Obama harassed by hecklers in Florida

Former President Barack Obama on Friday was heckled several times in a Florida appearance to help Democrats, and said the heckling shows Republicans are already angry about losing ground in next week’s midterm elections.

“We’re OK, we’re OK,” Obama said after the first heckler interrupted his remarks in Miami.

“This is what I look forward to, is to have a few hecklers to get me back in the mood,” he said to cheers. “It’s like I enjoy that. You always got to have a few in order to know that you’re on the campaign trail.”

But after another interruption, Obama became more annoyed.

“Here’s the deal,” he said. “If you support the other candidate, maybe you should go support the other candidate.”

“One of the things I never understood was why if you supported the other guy you’d come to my rally,” he said.

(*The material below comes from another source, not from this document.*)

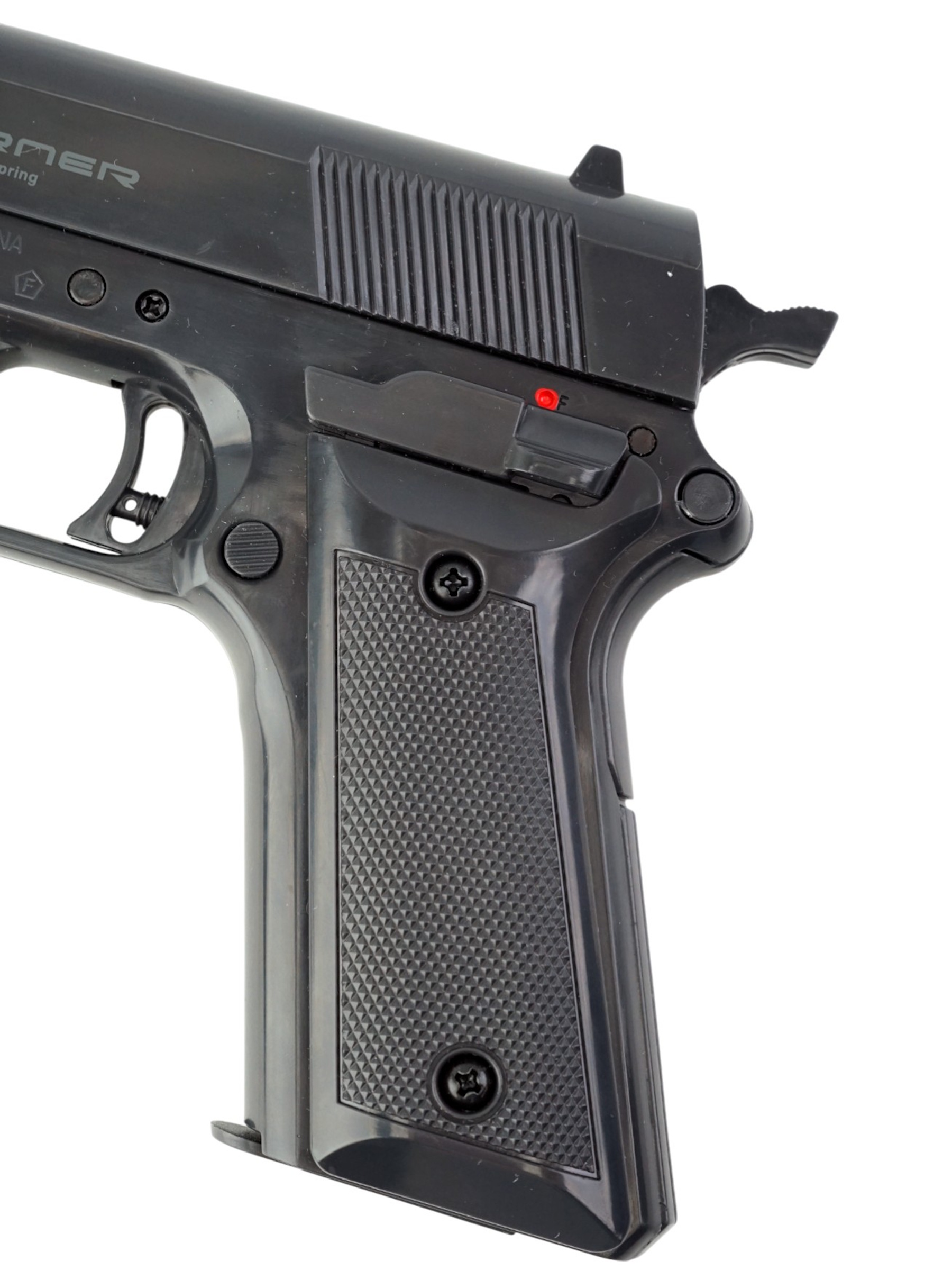 Оснащенный пружинно-поршневой системой, пистолет работает без использования газа или CO2, что делает его более безопасным и экономичным. Модель обладает мощностью до 3 Дж и скоростью выстрела до 120 м/с, что позволяет точно вести огонь по мишеням или для развлечения. Емкость магазина — 20 шариков BB диаметром 4,5 мм, что обеспечивает достаточно выстрелов для тренировок или игр.

After a third interruption, Obama said the harassment is a sign Republicans are growing nervous.

“It’s an old playbook,” he said. “It’s one that the powerful and the privileged turn to whenever control starts slipping away.”

“They’ll get folks riled up just to protect their power and their privilege, even when it hurts the country, even when it puts people at risk,” Obama said.

“It’s as cynical as politics gets,” he added. “But in four days, in four days Florida, you can reject that kind of politics.”

He repeated that charge again after a fourth interruption.

“Why is it that the folks that won the last election are so mad all the time?” Obama asked.

Obama was in Florida to help Tallahassee Mayor Andrew Gillum become the next governor of the state, and Sen. Bill Nelson defend his Senate seat. Nelson is down in some polls to current Gov. Rick Scott, and some polls give Gillum a slight lead over Rep. Ron DeSantis.